■ TASK MATERIAL ■
- Opening Delimiter -
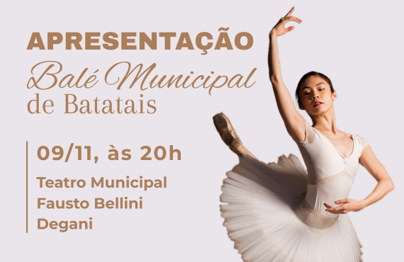 A tradicional apresentação anual do Balé Municipal de Batatais acontecerá no dia 9 de novembro, às 20h, no Teatro Municipal Fausto Bellini Degani, consolidando-se como um dos momentos mais esperados do calendário cultural da cidade.
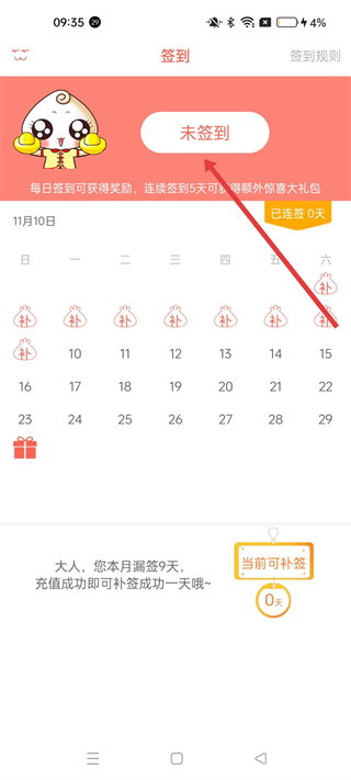 3、簽到頁面可看到每日簽到狀態,連續簽到5天可獲額外大禮包,還可查看本月簽到情況,了解補簽規則。
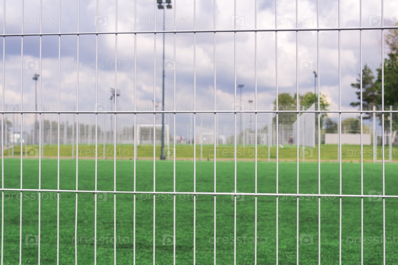 Спортивные площадки и футбольное поле с зеленой травой и сетками.Горизонтальный выстрел
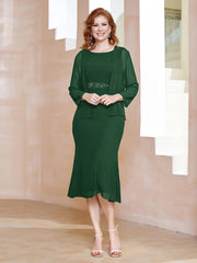 Chiffon Beaded Tea-length Dress with Jacket Dark Green
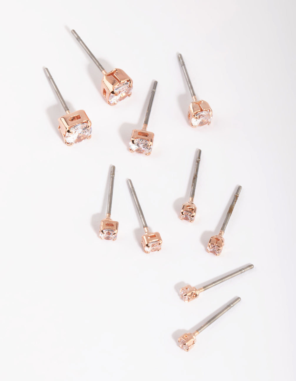 Rose Gold Diamante Stud Earring Pack
- Closing Delimiter -
■ WORK INSTRUCTIONS ■
Once the pictures are set aside, copy the remaining text of every entry exactly.

■ SOLUTION TO THIS PROBLEM ■
 A tradicional apresentação anual do Balé Municipal de Batatais acontecerá no dia 9 de novembro, às 20h, no Teatro Municipal Fausto Bellini Degani, consolidando-se como um dos momentos mais esperados do calendário cultural da cidade.
 3、簽到頁面可看到每日簽到狀態,連續簽到5天可獲額外大禮包,還可查看本月簽到情況,了解補簽規則。
 Спортивные площадки и футбольное поле с зеленой травой и сетками.Горизонтальный выстрел
 Chiffon Beaded Tea-length Dress with Jacket Dark Green
 Rose Gold Diamante Stud Earring Pack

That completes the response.